▶ **DESCRIPTION OF THE TASK**: Please return each entry exactly as it appears, but not the pictures.

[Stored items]
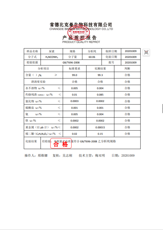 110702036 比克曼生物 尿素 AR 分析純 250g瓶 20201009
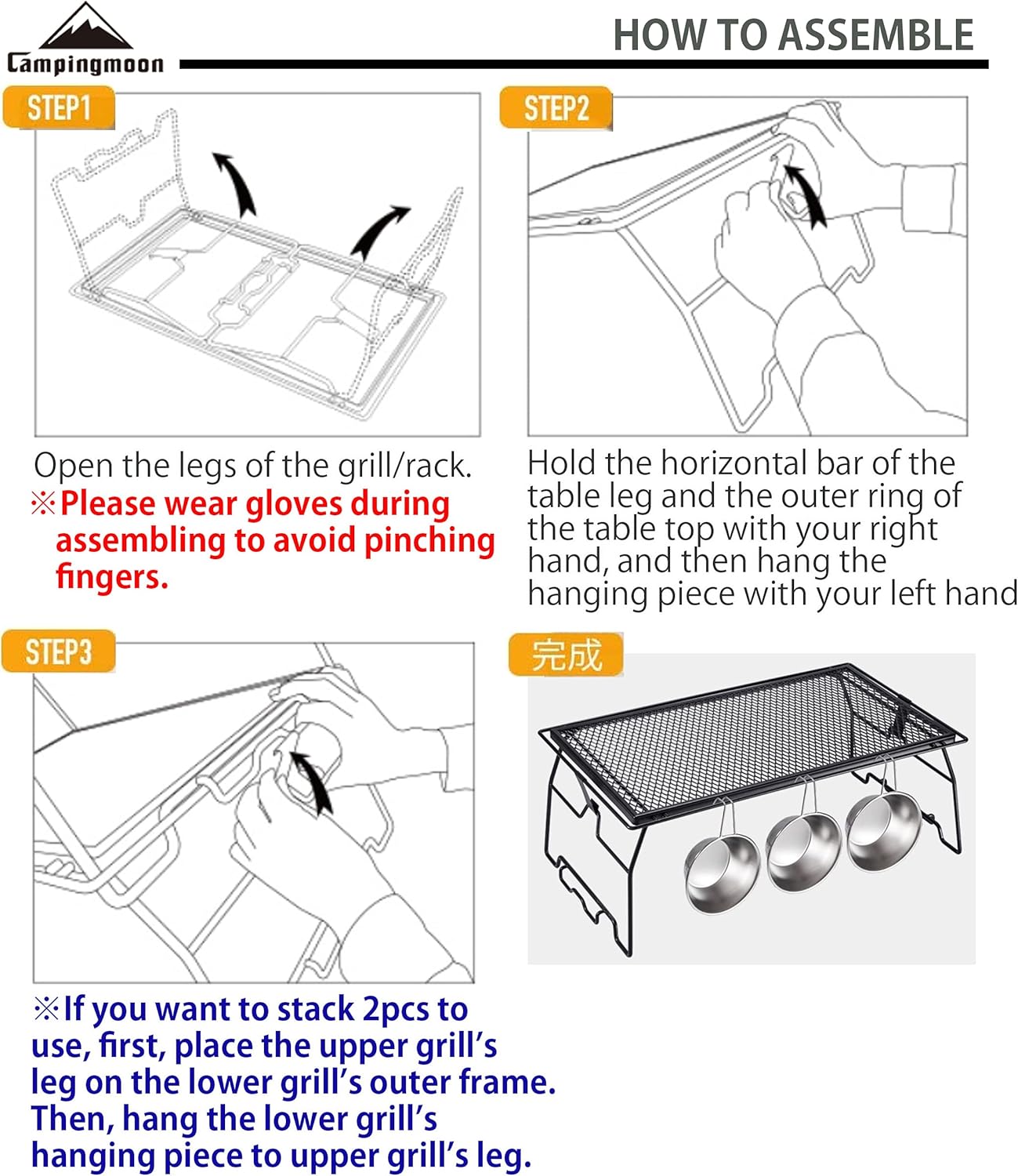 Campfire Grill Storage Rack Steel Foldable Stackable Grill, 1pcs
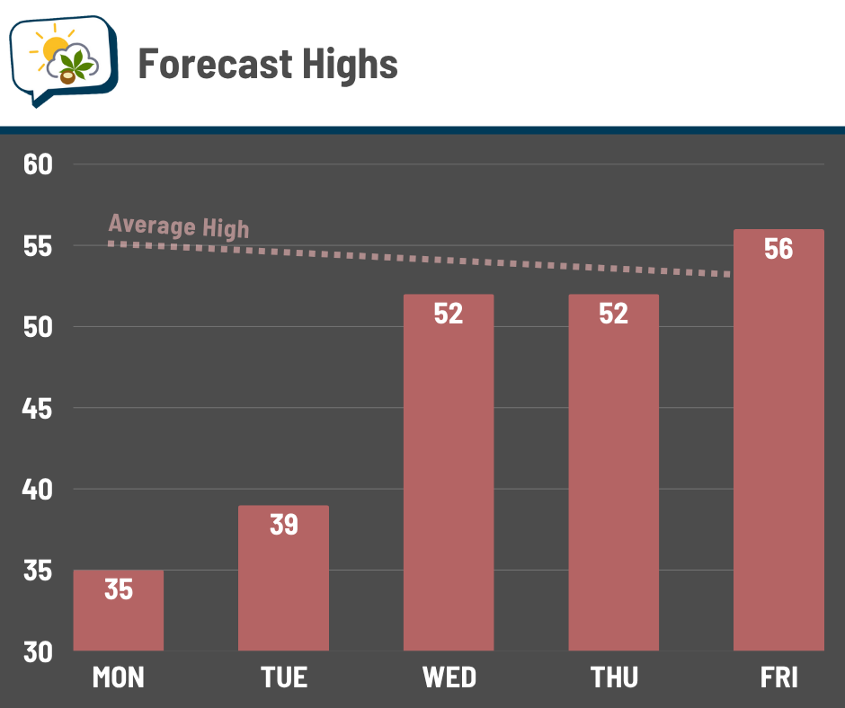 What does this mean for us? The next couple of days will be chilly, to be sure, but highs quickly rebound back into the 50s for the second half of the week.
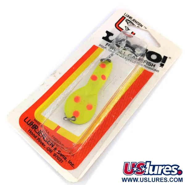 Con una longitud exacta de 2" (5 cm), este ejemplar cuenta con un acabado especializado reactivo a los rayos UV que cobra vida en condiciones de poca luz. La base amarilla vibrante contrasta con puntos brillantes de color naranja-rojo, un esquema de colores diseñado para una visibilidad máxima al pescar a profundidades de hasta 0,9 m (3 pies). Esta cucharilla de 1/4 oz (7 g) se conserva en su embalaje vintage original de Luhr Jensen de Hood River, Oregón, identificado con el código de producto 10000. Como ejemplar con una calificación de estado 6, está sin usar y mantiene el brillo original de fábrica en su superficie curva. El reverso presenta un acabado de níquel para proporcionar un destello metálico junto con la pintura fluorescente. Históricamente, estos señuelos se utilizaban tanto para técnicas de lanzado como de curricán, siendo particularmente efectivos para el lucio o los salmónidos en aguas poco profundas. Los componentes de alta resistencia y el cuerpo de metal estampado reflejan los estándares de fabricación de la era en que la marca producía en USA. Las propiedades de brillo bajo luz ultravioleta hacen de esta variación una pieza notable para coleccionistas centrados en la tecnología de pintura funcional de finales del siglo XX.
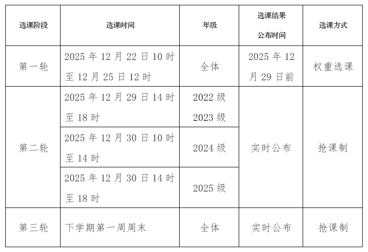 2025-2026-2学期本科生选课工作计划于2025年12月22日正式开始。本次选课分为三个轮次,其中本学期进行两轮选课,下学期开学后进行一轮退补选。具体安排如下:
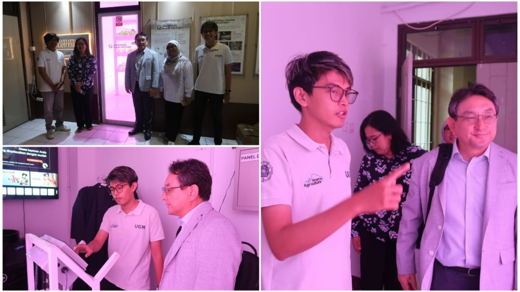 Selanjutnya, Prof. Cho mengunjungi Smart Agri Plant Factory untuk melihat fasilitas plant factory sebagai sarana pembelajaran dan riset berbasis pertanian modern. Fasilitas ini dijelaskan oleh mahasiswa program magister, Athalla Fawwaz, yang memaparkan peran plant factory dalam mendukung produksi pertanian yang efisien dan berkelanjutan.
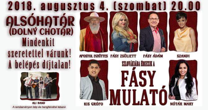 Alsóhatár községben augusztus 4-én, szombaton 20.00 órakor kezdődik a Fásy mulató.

▶ **TASK RESULT**:
 110702036 比克曼生物 尿素 AR 分析純 250g瓶 20201009
 Campfire Grill Storage Rack Steel Foldable Stackable Grill, 1pcs
 What does this mean for us? The next couple of days will be chilly, to be sure, but highs quickly rebound back into the 50s for the second half of the week.
 Con una longitud exacta de 2" (5 cm), este ejemplar cuenta con un acabado especializado reactivo a los rayos UV que cobra vida en condiciones de poca luz. La base amarilla vibrante contrasta con puntos brillantes de color naranja-rojo, un esquema de colores diseñado para una visibilidad máxima al pescar a profundidades de hasta 0,9 m (3 pies). Esta cucharilla de 1/4 oz (7 g) se conserva en su embalaje vintage original de Luhr Jensen de Hood River, Oregón, identificado con el código de producto 10000. Como ejemplar con una calificación de estado 6, está sin usar y mantiene el brillo original de fábrica en su superficie curva. El reverso presenta un acabado de níquel para proporcionar un destello metálico junto con la pintura fluorescente. Históricamente, estos señuelos se utilizaban tanto para técnicas de lanzado como de curricán, siendo particularmente efectivos para el lucio o los salmónidos en aguas poco profundas. Los componentes de alta resistencia y el cuerpo de metal estampado reflejan los estándares de fabricación de la era en que la marca producía en USA. Las propiedades de brillo bajo luz ultravioleta hacen de esta variación una pieza notable para coleccionistas centrados en la tecnología de pintura funcional de finales del siglo XX.
 2025-2026-2学期本科生选课工作计划于2025年12月22日正式开始。本次选课分为三个轮次,其中本学期进行两轮选课,下学期开学后进行一轮退补选。具体安排如下:
 Selanjutnya, Prof. Cho mengunjungi Smart Agri Plant Factory untuk melihat fasilitas plant factory sebagai sarana pembelajaran dan riset berbasis pertanian modern. Fasilitas ini dijelaskan oleh mahasiswa program magister, Athalla Fawwaz, yang memaparkan peran plant factory dalam mendukung produksi pertanian yang efisien dan berkelanjutan.
 Alsóhatár községben augusztus 4-én, szombaton 20.00 órakor kezdődik a Fásy mulató.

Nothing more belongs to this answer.